Todesrennen
seiner Freundin in der Park Avenue überraschte, hatte der Mann Frost völlig unverblümt erklärt, dass er dem Henker nur dann entginge, wenn er den Rest seines Lebens in einer Irrenanstalt verbrächte.
Aber ihn einzufangen war nicht so einfach, wie sie feststellen sollten. Seit er aus dem Sanatorium in Matawan entlassen worden war, hatte er wie ein Einsiedler gelebt. Auch schon vorher war sein Gesicht in der Öffentlichkeit nicht sonderlich bekannt gewesen. Sein Ruf als »König der Zeitungsstände« beschränkte sich mehr auf die Zeitungsbranche. Durchschnittsbürger wie jene, die gerade vom Bahnhof zu den Belmont-Rennbahntribünen eilten, hatten noch nie zuvor ein Bild von ihm gesehen.
Außerdem, dachte er grinsend und strich sich über den Vollbart, den er hatte wachsen lassen, sah sogar er selbst einen Fremden, wenn er in den Spiegel blickte. Der Bart machte ihn zwanzig Jahre älter, da er im Gegensatz zu seinem dichten schwarzen Haupthaar, das von kaum einer silbernen Strähne durchzogen wurde, überraschend grau war. Eine Brille mit Gläsern, die nach europäischer Art leicht getönt waren, verlieh ihm das Aussehen eines deutschen Universitätsprofessors. Obgleich er sich, wenn er seine Jagdmütze trug, genauso überzeugend als irischer Schriftsteller hätte ausgeben können.
Er befürchtete lediglich, dass ihn sein Leibesumfang verriete.

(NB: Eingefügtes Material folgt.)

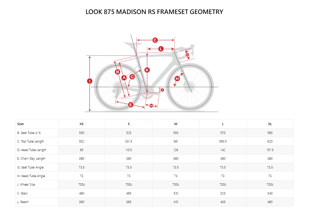 The geometry of the 875 is completely newand perfectly complements the range of LOOK track products, namely the T20, R96and AL 464. The 875 MADISON RS possesses a competition-inspired geometry thatis available in 5 sizes, allowing each cyclist a perfectly adapted cyclingposition.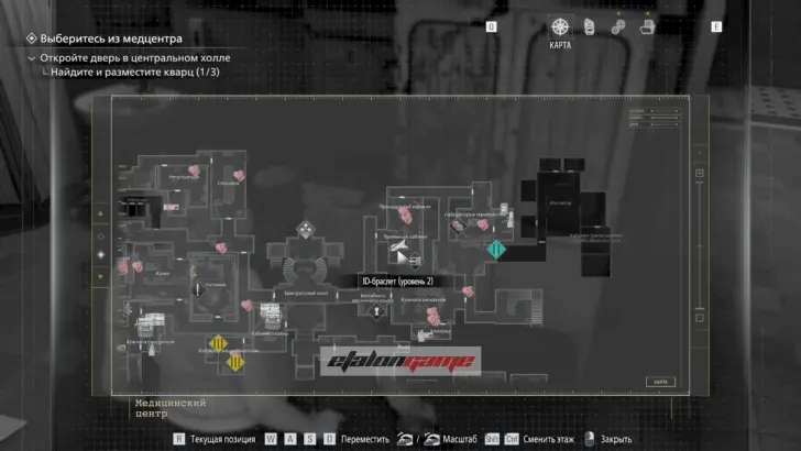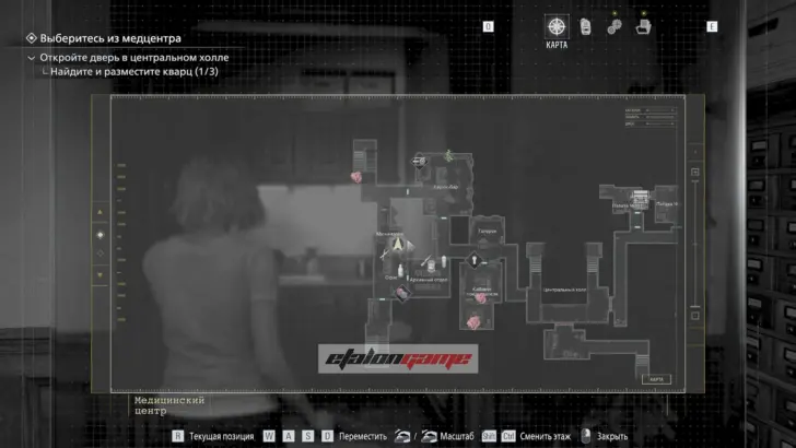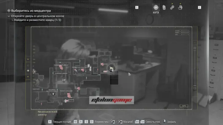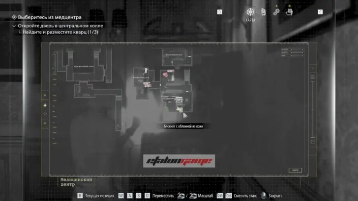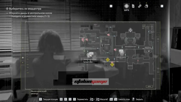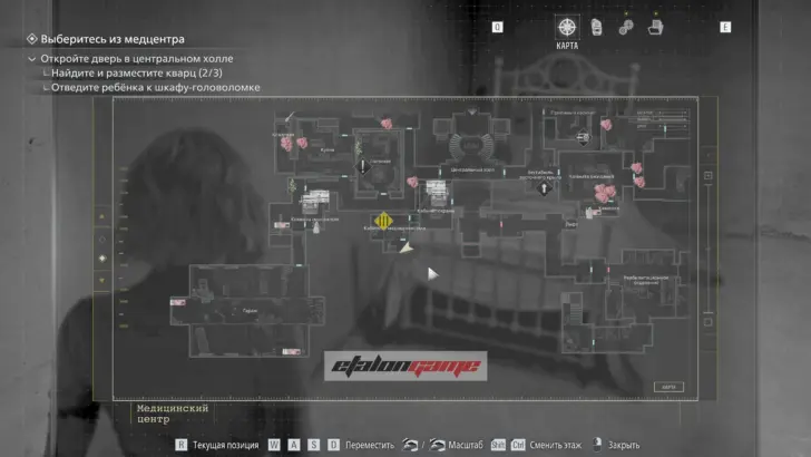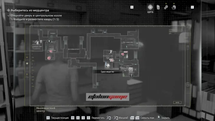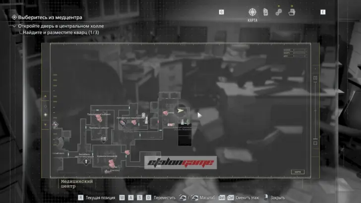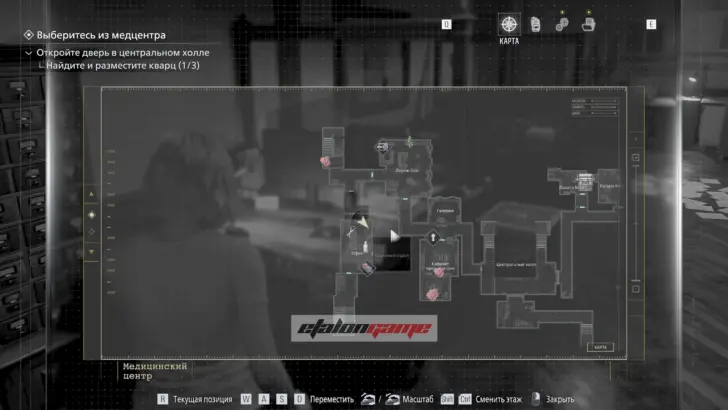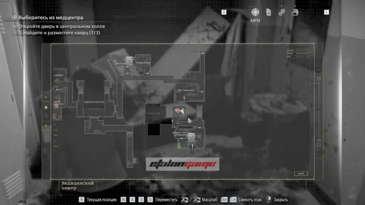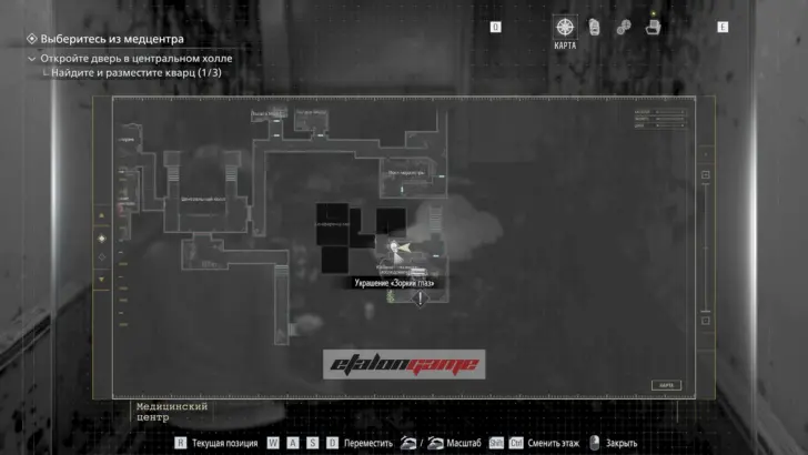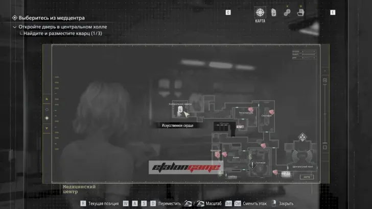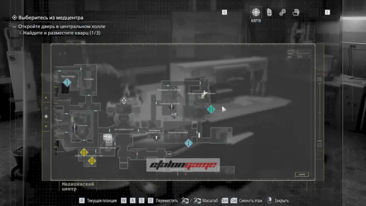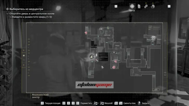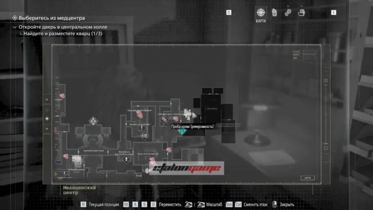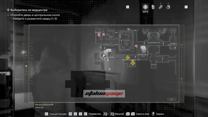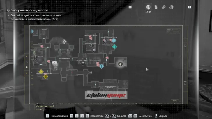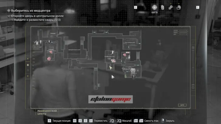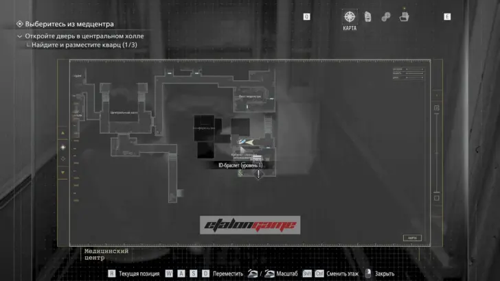 Главная цель на этом этапе — собрать три кварца и открыть ими дверь в Центральном холле. После подбора можно складывать кварцы в ящик предметов либо сразу вставлять их в дверь по одному.

Der Professor mittleren Alters mit Bart und getönten Brillengläsern nahm mindestens ebenso viel Raum ein wie der Zeitungsstandkönig. Umso mehr, als sein dunkler Straßenanzug ein veritables Zelt aus weit geschnittenem Wollstoff war, den er ganz bewusst gewählt hatte, um seine Waffen und seine »kugelsichere« Weste darunter zu verbergen. Er hatte keineswegs die Absicht, sich davon abhalten zu lassen, Josephine zu töten. Und erst recht würde er sich nicht einsperren lassen, weil er eine Frau ermordete, die es in jeder Hinsicht verdient hatte. Zu seinem Waffenarsenal gehörten eine hochpräzise Browning-Pistole als Verteidigungswaffe auf seiner Flucht, eine kleine Taschenpistole und ein Derringer für Notfälle sowie ein schwerer automatischer Webley-Fosbery. Er hatte seinen Lauf mit einer Säge um zehn Zentimeter verkürzt, damit er ihn in die Tasche stecken konnte, und ihn mit sich aufpilzenden Hohlspitzpatronen geladen, sogenannten »Mannstoppern«.
Ein Priester in Chicago hatte die kugelsichere Weste aus zahlreichen Lagen Seidenstoff hergestellt, der in Österreich eigens für diesen Zweck gewebt worden war. Frost hatte insgeheim in diese Erfindung investiert und besaß Anteile an dem Unternehmen, das gegründet worden war, um das drei Zentimeter dicke Kleidungsstück herzustellen und zu vermarkten. Die Armee hatte es als zu schwer und zu heiß abgelehnt. Frosts Weste wog sechsunddreißig Pfund, eine unbedeutende Last für jemanden von seiner Größe und mit seiner Kraft. Aber heiß war die Weste tatsächlich, das war nicht zu bestreiten. Auf dem kurzen Weg vom Zug über den Bahnsteig musste er sich mehrmals mit dem Taschentuch den Schweiß von der Stirn wischen. Doch es war die Unbequemlichkeit allemal wert, da sie moderne rauchlose Hochgeschwindigkeitsgeschosse, abgefeuert aus Revolvern und Pistolen, zuverlässig aufhielt.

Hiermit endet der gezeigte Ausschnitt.